This repository contains the code for the paper Merging Text Transformer Models from Different Initializations by Neha Verma and Maha Elbayad.
We recommend creating a new virtual environment, and installing the following dependencies:
pip install -r requirements.txt
Main masked language modeling experiments are run on a subset of the BooksCorpus, as it was a subset of the original BERT training data. To extract a subset of the data, run the following command:
cd my_datasets
python sample_books_corpus.py $PATH_TO_BOOKS_CORPUS
We use several models from the MultiBERTs reproductions, accessible on HuggingFace via the google/multiberts-seed_i
paths, where i
is the seed number. We also fine-tune these models on the GLUE benchmark for additional experiments, using the HuggingFace library. To fine-tune these models, run the following command:
bash training/finetune_glue.sh $seed_index $task
Where task is one of the GLUE tasks in [mnli, cola, sst2, stsb, qnli, qqp, rte, mrpc]

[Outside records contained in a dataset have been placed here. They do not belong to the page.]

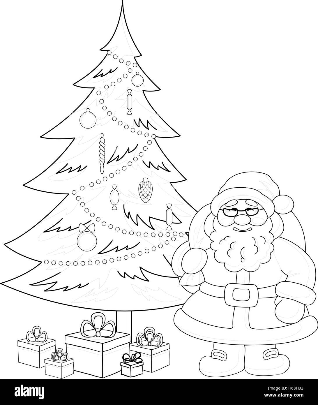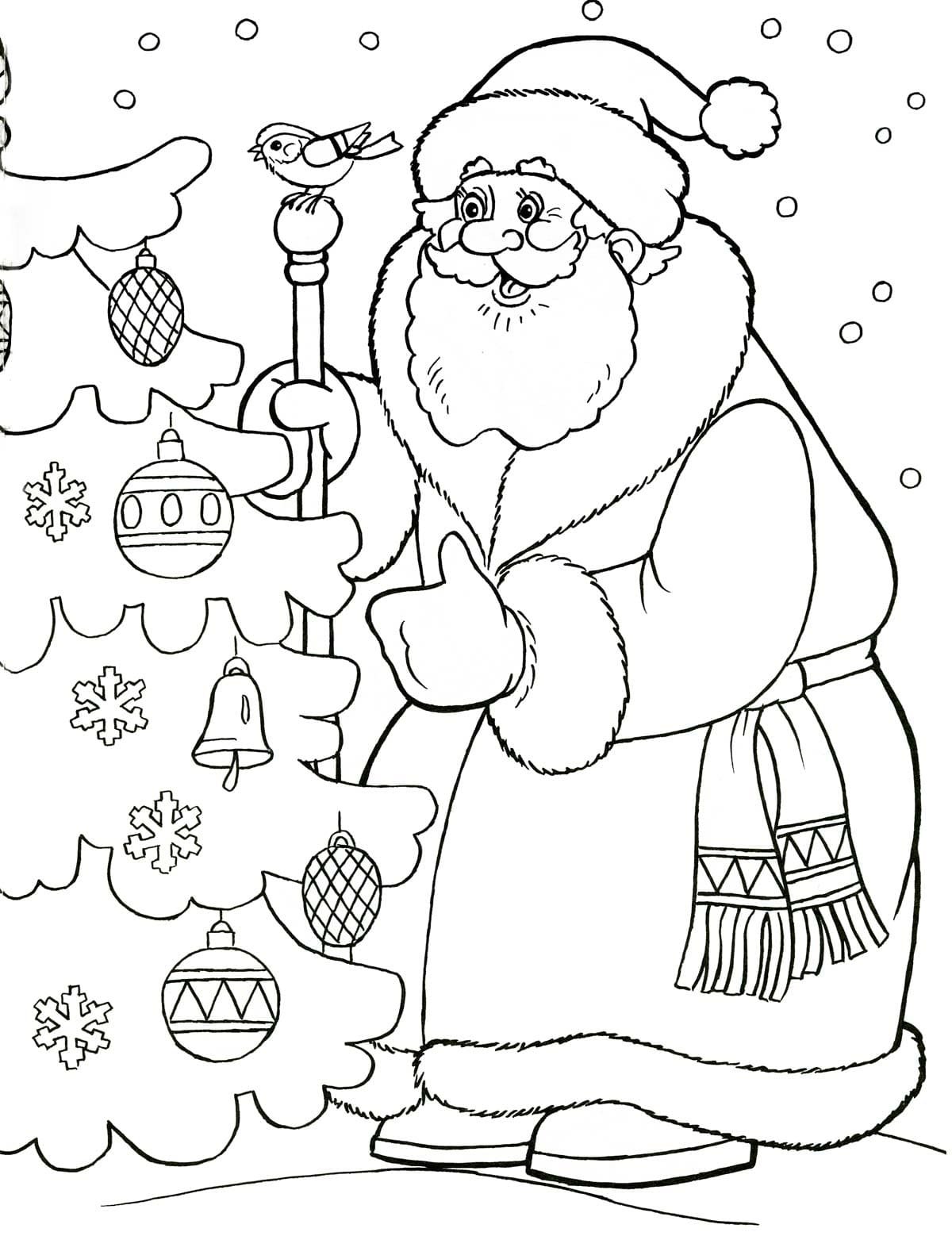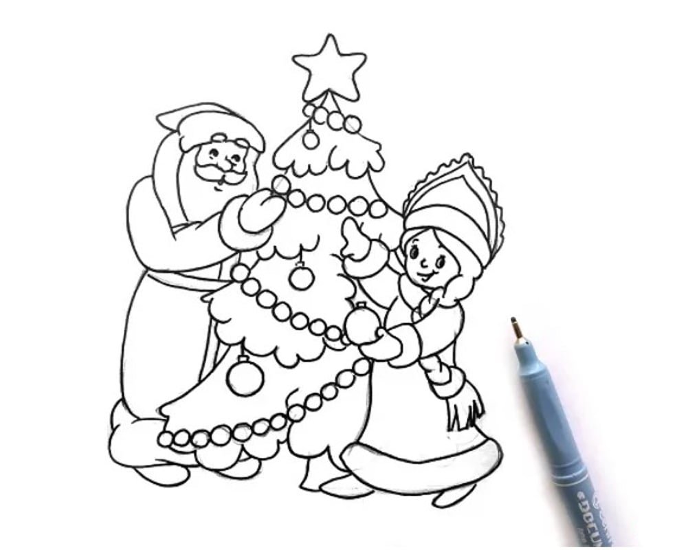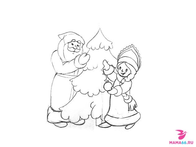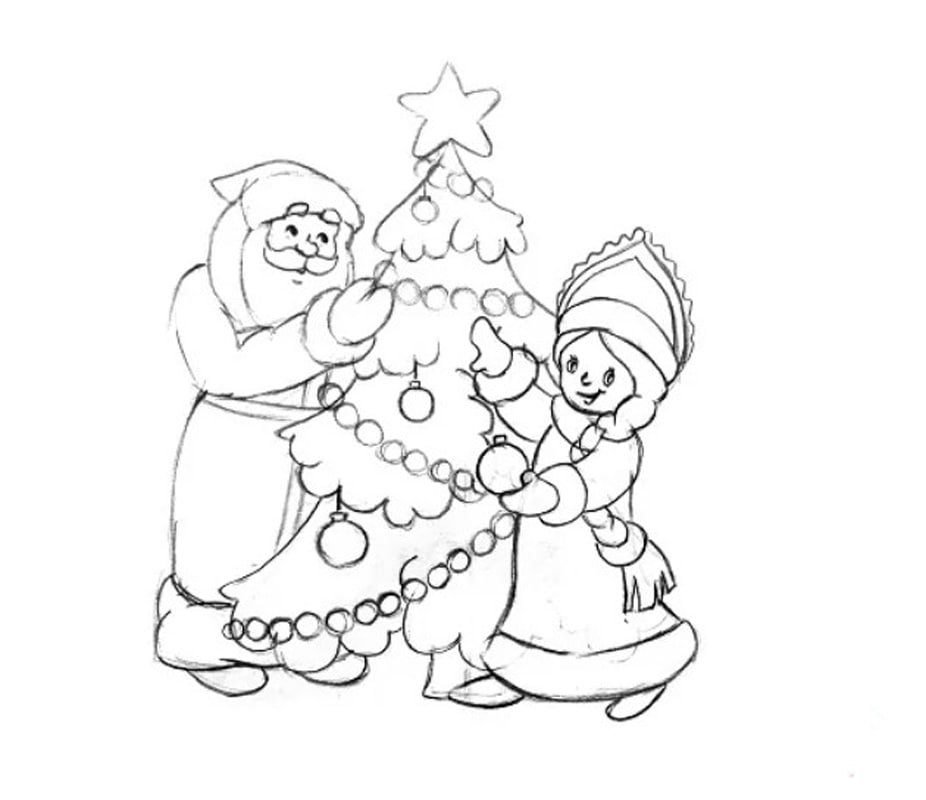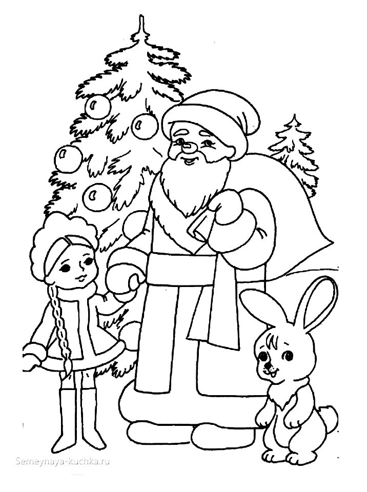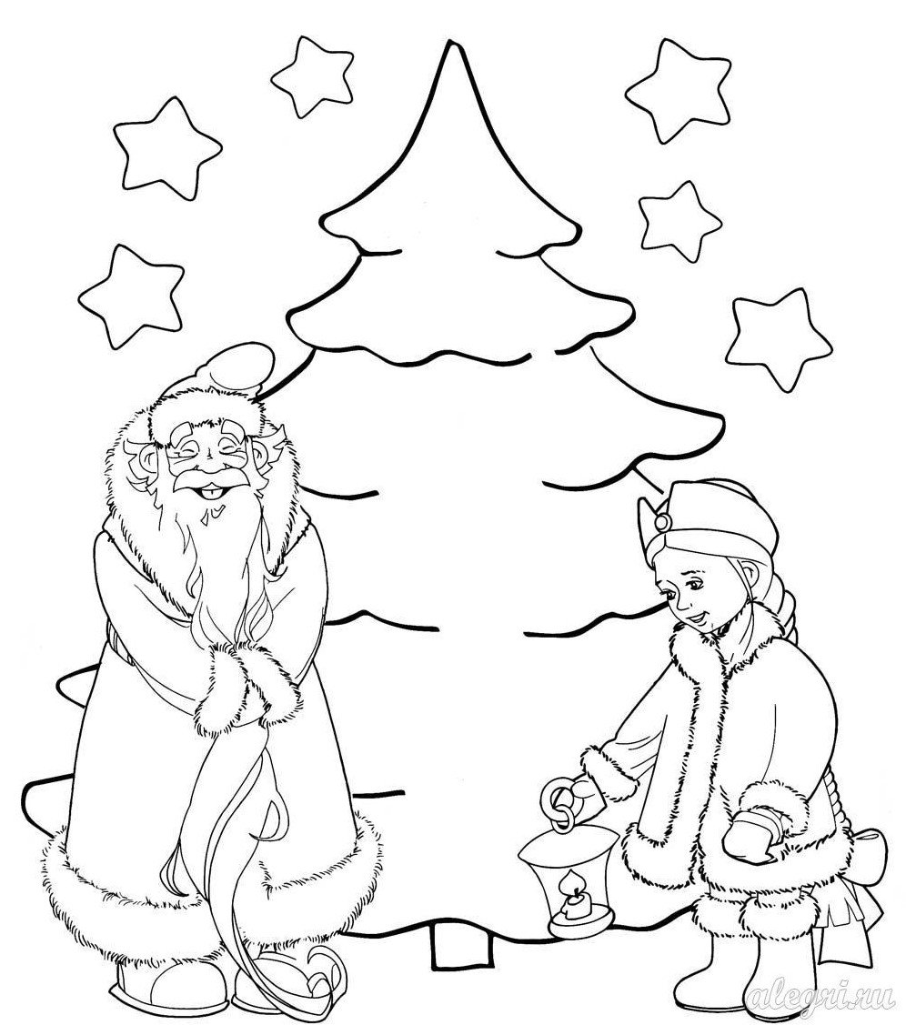 ![Раскраска дед Мороз и Снегурочка и елка]()
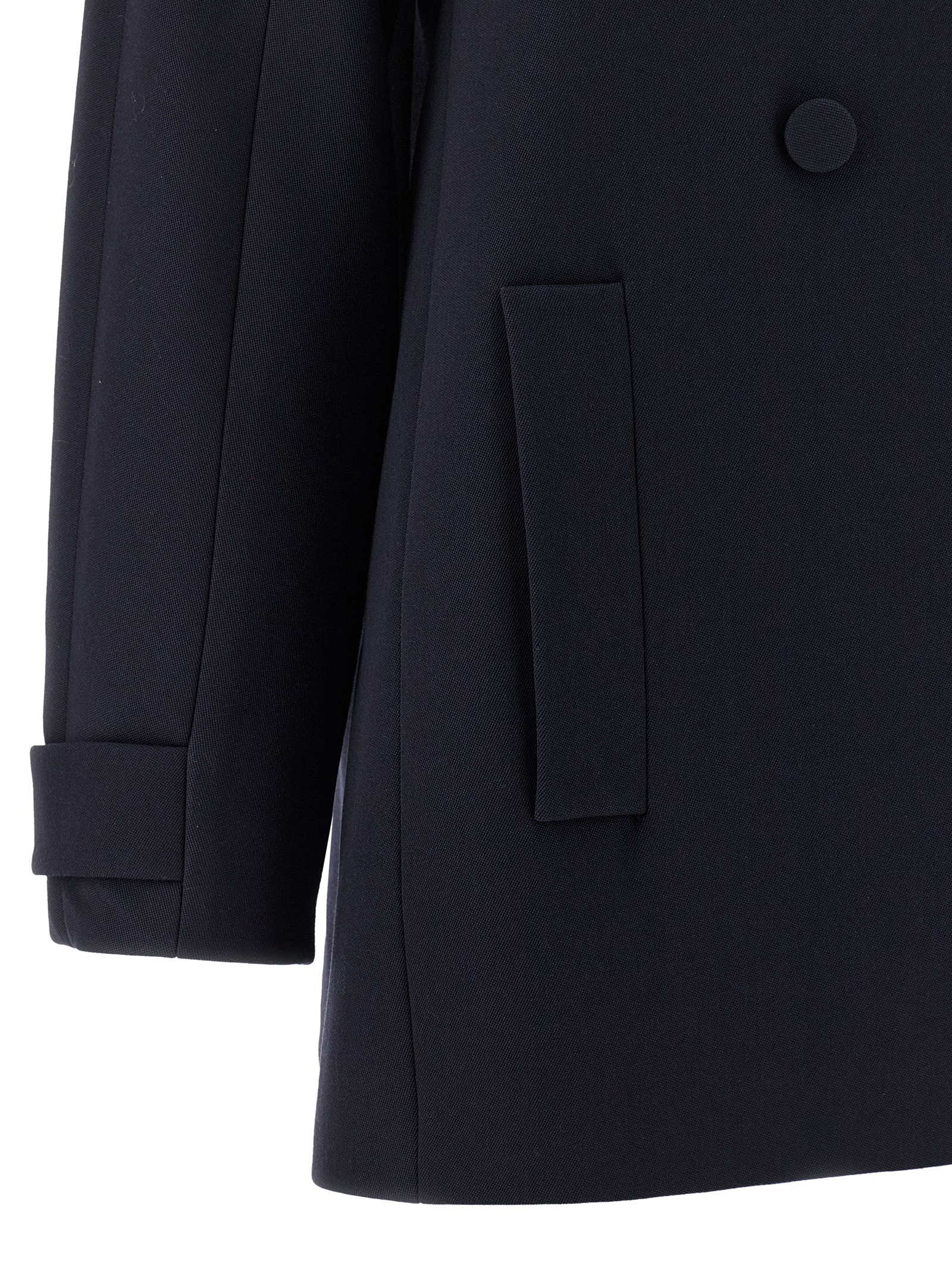 Wool coat, slightly padded monogram cupro lining, trapeze silhouette, double-breasted style with front button closure, shirt collar, long cuffed sleeves.
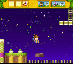 Score is not kept, and there is no time limit, so feel free to explore the game and find the bonus mini-games. Health is measured by the color of Milon's clothing. Green clothes represent full health, blue is middle, and red indicates that you're one step away from death. You collect music notes throughout the game, just like the coins in Super Mario Brothers, and every 100th note will give you a 1UP.
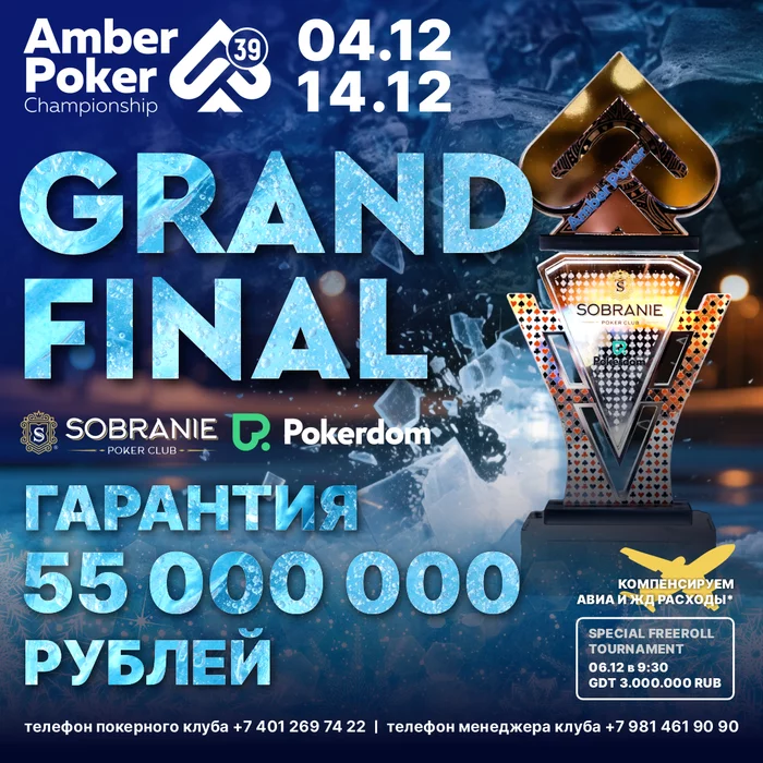 6 декабря в 9:30 состоится наш традиционный закрытый фриролл для постоянных гостей Amber Poker Championship на 3 000 000 руб. (2 млн на счет Покердома бонусными деньгами и 1 млн наличными).
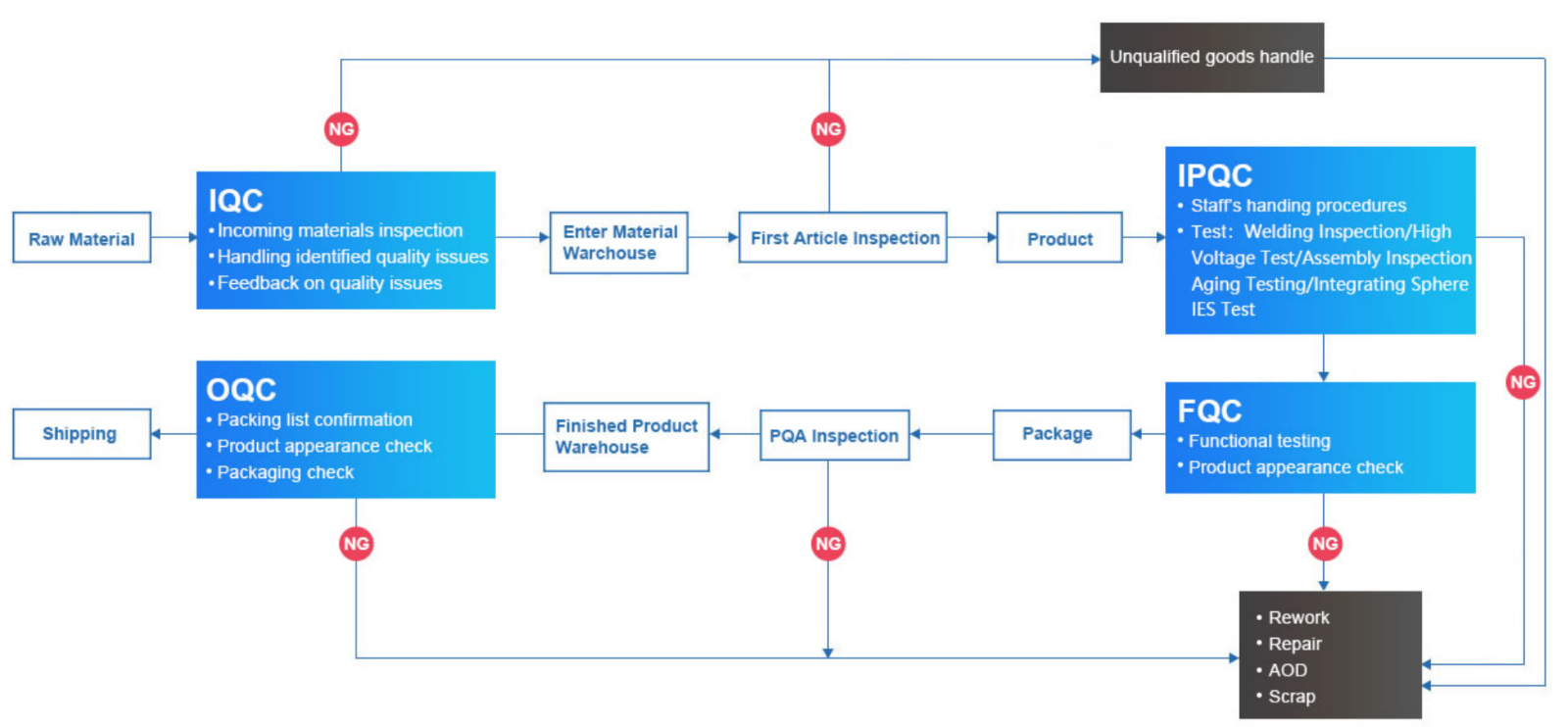 At our facility, we implement a rigorous, multi-tiered quality assurance system aligned with international standards (e.g., ISO 9001, EN/IEC 60598) to ensure superior performance and reliability of all lighting products. Our process includes as flow chart.
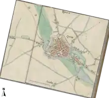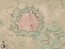 Plan en 1654 à la prise de la ville par les français (centré sur la ville)
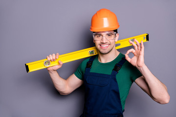 Good work. Photo of handsome timber guy skilled engineer hold measure meter rack show okey symbol wear t-shirt safety dungarees helmet glasses isolated grey background
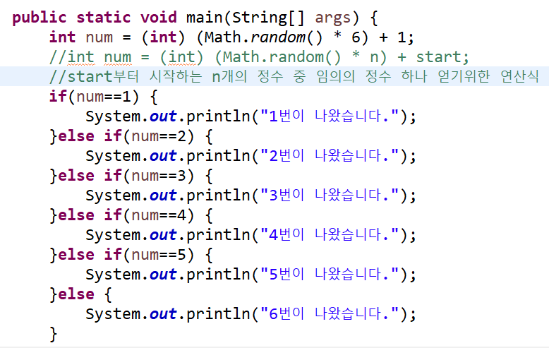 int num = (int) (Math.random() * n) + start; start부터 시작하는 n개의 정수 중 임의의 정수 하나 얻기위한 연산식
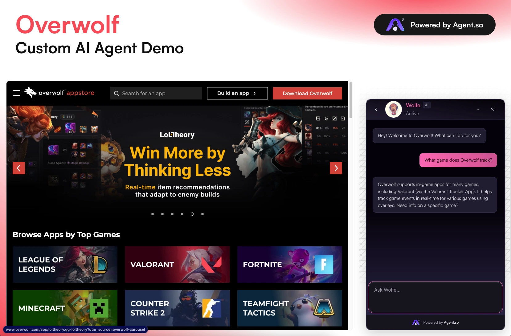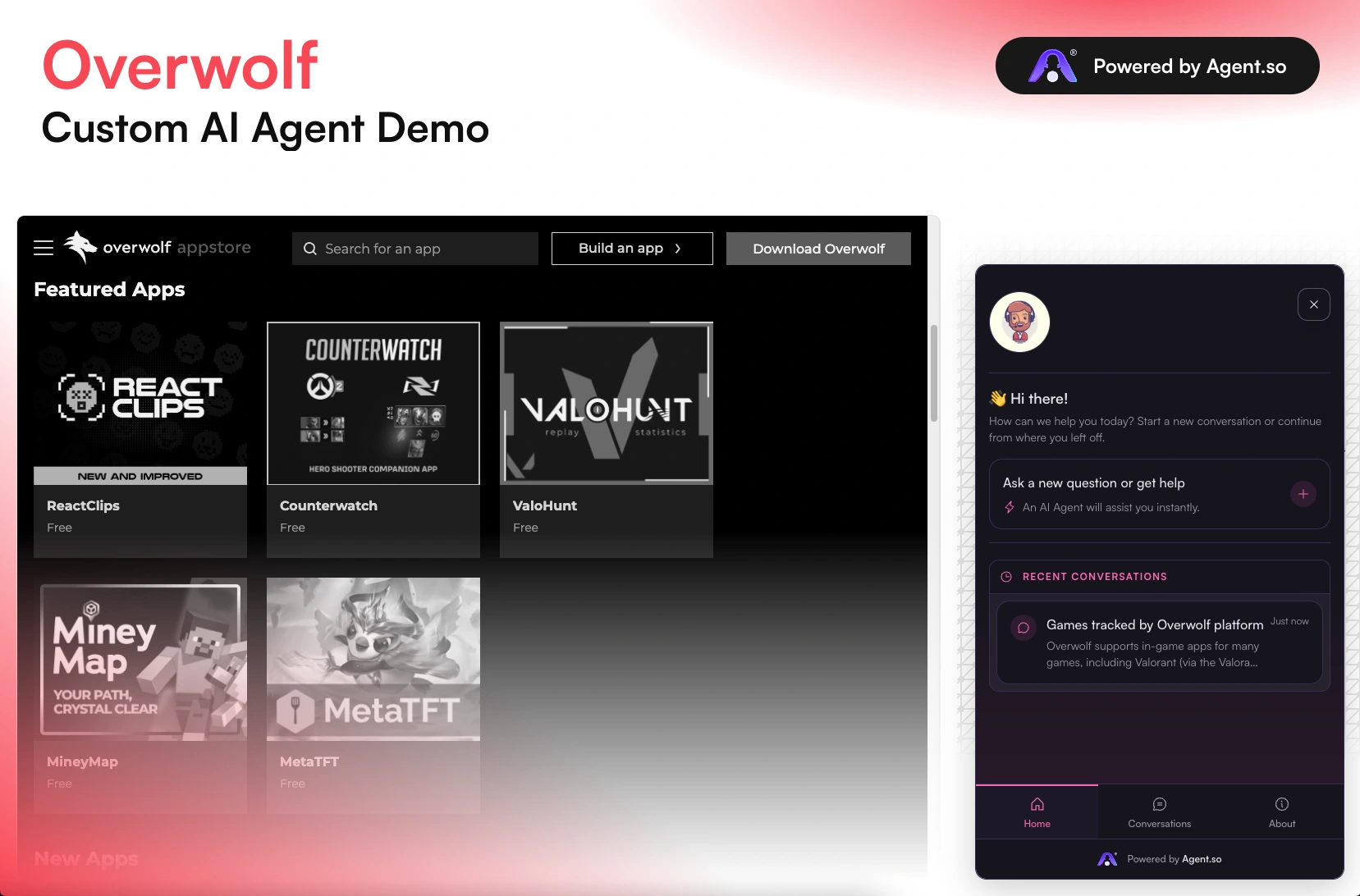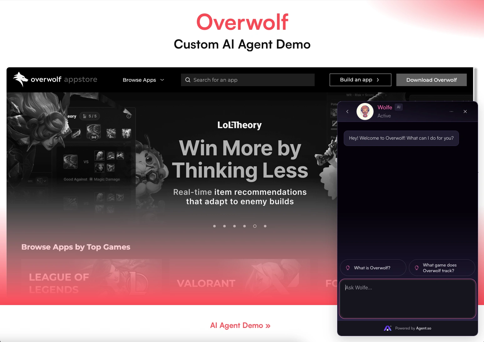 A custom AI Agent trained on knowledge about Overwolf, designed to serve visitors who go to the site & want to learn more about the brand, engage with, etc.

, and seed_index is the index of the seed in 1-5
.
To merge models, we have the following scripts to produce merged models from our paper:
# merge models by feed-forward and/or attention components
bash experiments/run_component_experiments.sh
# merge models using different attention merging algorithms
bash experiments/run_mha_experiments.sh
# merge models using different residual merging algorithms
bash experiments/run_res_experiments.sh
# merge models using different data amounts
bash experiments/run_data_ablation.sh
# merge glue models, trained in previous step
bash experiments/run_glue_experiments.sh
Finally, many other merging experiments can be run using experiment/merge_bert_classifiers.py
, adding potentially adding configs to the configs/
directory.
To evaluate glue models before merging, run the following command:
python evaluation/graphing_glue.py --task $TASK --originals --outfile vanilla_${TASK}
Where task is one of the GLUE tasks in [mnli, cola, sst2, stsb, qnli, qqp, rte, mrpc]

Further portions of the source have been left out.